DATA FOR ANALYSIS Start Marker
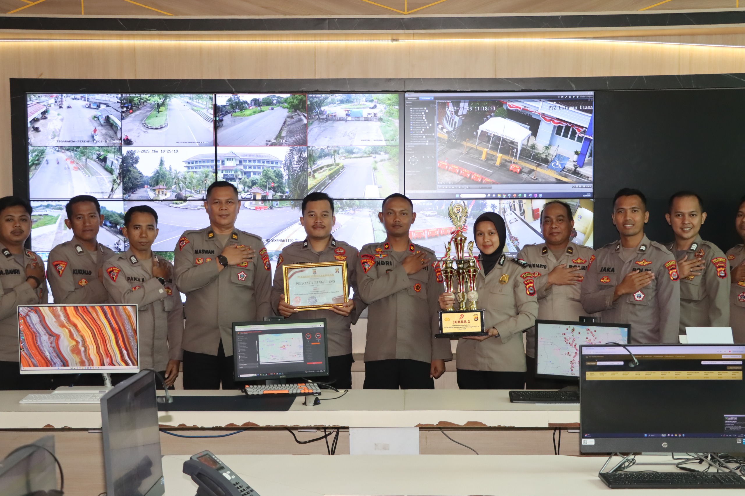 TANGERANG – Dalam ajang Lomba Pelayanan Polisi 110 tingkat Polda Banten, Polresta Tangerang berhasil meraih prestasi membanggakan dengan meraih posisi Juara Kedua. Penghargaan tersebut diberikan langsung oleh Karoops Polda Banten Kombes Pol. Yofie Girianto Putro, S.I.K., M.H., sebagai bentuk apresiasi atas komitmen pelayanan publik yang cepat, responsif, dan humanis.
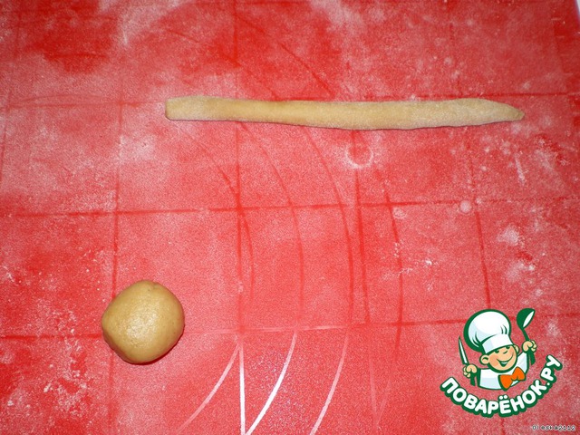 Скатать из белого и коричневого теста шарики диаметром примерно 3 см. Раскатать их в тонкие колбаски длиной до 15 см.
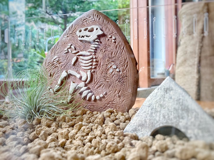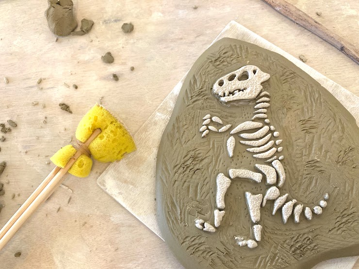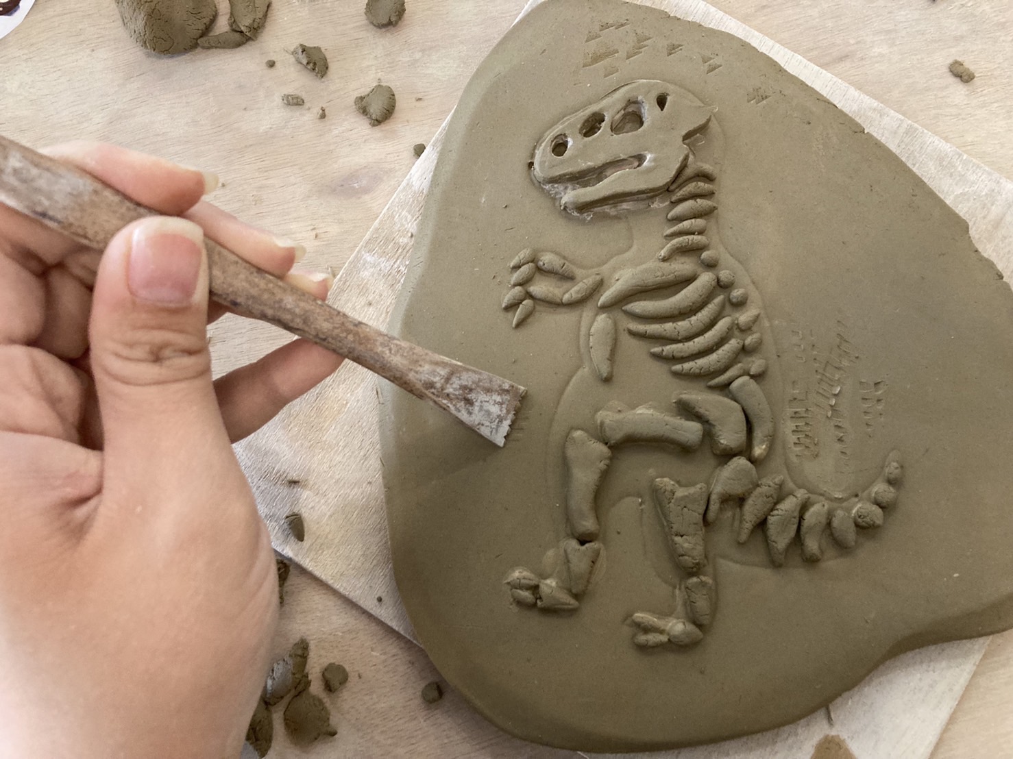 ▧ 課程內容|化身成小小雕刻家,觀察恐龍骨頭並於自製陶板上雕刻、捏塑出半立體的恐龍造型。👉🏻做陶技巧:描圖、觀察、土板與土條製作、化妝土運用
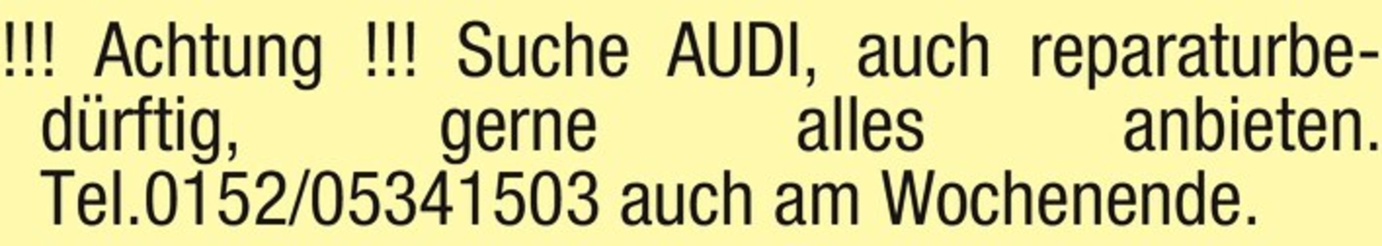!!! Achtung !!! Suche AUDI, auch reparaturbedrftig, gerne alles anbieten. Tel.0152/05341503 auch am Wochenende.
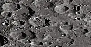 Por convención estos elementos son identificados en los mapas lunares poniendo la letra en el lado del punto medio del cráter que está más cercano a Kinau.[4]
DATA FOR ANALYSIS End Marker
§ **TO DO**:
Begin at the line containing "auch am Wochenende." and copy every line through the end of the data above exactly, omitting the pictures.

§ **THE ANSWER**:
!!! Achtung !!! Suche AUDI, auch reparaturbedrftig, gerne alles anbieten. Tel.0152/05341503 auch am Wochenende.
 Por convención estos elementos son identificados en los mapas lunares poniendo la letra en el lado del punto medio del cráter que está más cercano a Kinau.[4]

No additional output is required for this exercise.